From sklearn.metrics import confusion_matrix

y = Np.array (y)
class_names = Np.unique (y)

Confusion_ matrices = [
    ("Support Vector Machines", Confusion_matrix (Y,RUN_CV (X,Y,SVC))),
    ("Random Forest", Confusion_ Matrix (Y,RUN_CV (X,Y,RF)),
    ("K-nearest-neighbors", Confusion_matrix (Y,RUN_CV (X,Y,KNN))),
]

# Pyplot Code not included to reduce clutter from
churn_display import draw_confusion_matrices
%matplotlib

Inline Draw_confusion_matrices (Confusion_matrices,class_names)
What is the best algorithm.

Determine how difficult it is to predict variables that give a probability rather than a class. If I predict that there will be a 20% chance of rain tomorrow, I cannot eliminate all possible results of the universe. It rains or doesn't rain.

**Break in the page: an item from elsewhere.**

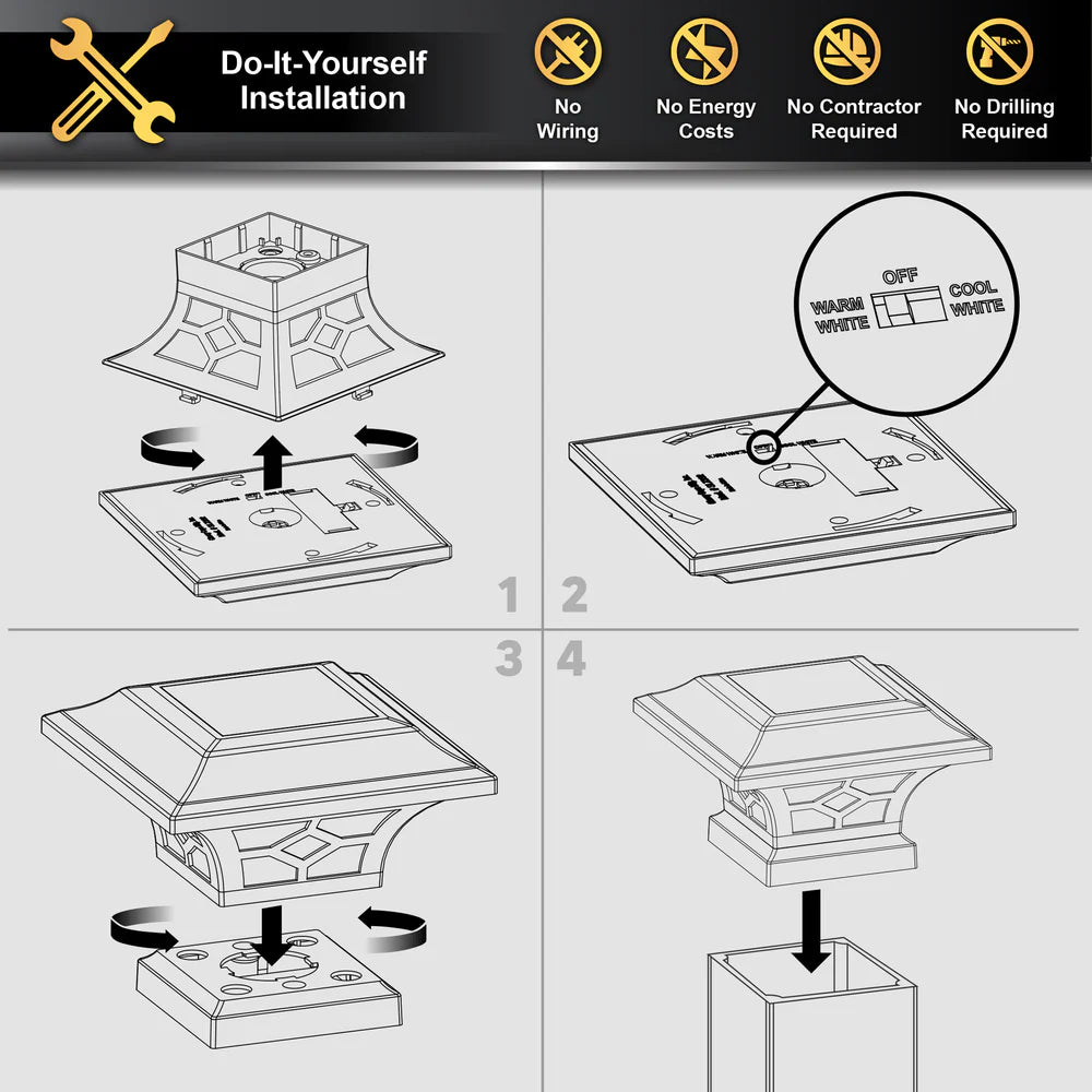 Capuchon de poteau solaire - Classy Caps Kingston blanc ou noir à double éclairage, SLZ332

What helps is that predictive variables do not make a prediction that they are doing 3000+. So every time I predict an event that occurs 20% of a year, I can see how often these events actually happen. Here are the predictions and actual results of my use of pandas to help me compare random forest.

Import Warnings
warnings.filterwarnings (' Ignore ')

# estimators So predictions are all multiples of 0.1
  
   pred_prob = RUN_PROB_CV (X, y, RF, n_estimators=10)
Pred_churn = pred_prob[:,1]
Is_churn = y = = 1

# Number of Times a predicted probability are assigned to a observation
counts = pd.value_counts (pred_churn)

# Calculate True Probabilities
True_prob = {} for
prob in Counts.index:
    true_prob[prob] = Np.mean (Is_churn[pred_churn = = Prob])
    True_prob = PD. Series (True_prob)

# pandas-fu
counts = Pd.concat ([Counts,true_prob], Axis=1). Reset_index ()
Counts.columns = [' Pred_prob ', ' count ', ' true_prob ']
counts
  

Output results:

We can see that a random forest predicts 75 people will have a 0.9 probability of loss, whereas in reality the group has about 0.97 of the rate. Calibration and identification

Using the dataframe above I can draw a very simple graphic to help visualize the probability measurement. The x-axis represents the loss probability of a group of individuals randomly assigned to a given forest. The y-axis is the actual stirring rate within the group, and each point is scaled relative to the size of the group.

From ggplot import *
%matplotlib inline

baseline = Np.mean (Is_churn) ggplot (Counts,aes ' x= ', Pred_prob '
True_prob ', size= ' count ') + \
    geom_point (color= ' blue ') + \
    stat_function (fun = lambda x:x, color= ' red ') + \
    Stat_function (fun = lambda x:baseline, color= ' green ') + \
    Xlim ( -0.05,  1.05) + Ylim ( -0.05,1.05) + \
    Ggtitle (" Random Forest ") + \
    xlab (" predicted probability ") + ylab (" Relative frequency of outcome ")


You may also have noticed that I draw two lines I use Stat_function ().

The red line represents the perfect prediction for a given group, or when the predicted loss probability equals the result frequency. The Green line shows the loss probability of the baseline. For this dataset, it is about 0.15.

Calibration is a relatively simple measurement that can be summed up as follows: Events expected to occur 60% of the time should occur 60% of the time. For all individuals, I predict that the risk of loss is between 30% and 40%, and that the real loss rate for this group should be about 35%. For the graph above, think of it, my predictions are how close to the red line.

Original English Address: http://blog.yhat.com/posts/predicting-customer-churn-with-sklearn.html

Contact Us

The content source of this page is from Internet, which doesn't represent Alibaba Cloud's opinion; products and services mentioned on that page don't have any relationship with Alibaba Cloud. If the content of the page makes you feel confusing, please write us an email, we will handle the problem within 5 days after receiving your email.

If you find any instances of plagiarism from the community, please send an email to: info-contact@alibabacloud.com and provide relevant evidence. A staff member will contact you within 5 working days.

A Free Trial That Lets You Build Big!

Start building with 50+ products and up to 12 months usage for Elastic Compute Service

  • Sales Support

    1 on 1 presale consultation

  • After-Sales Support

    24/7 Technical Support 6 Free Tickets per Quarter Faster Response

  • Alibaba Cloud offers highly flexible support services tailored to meet your exact needs.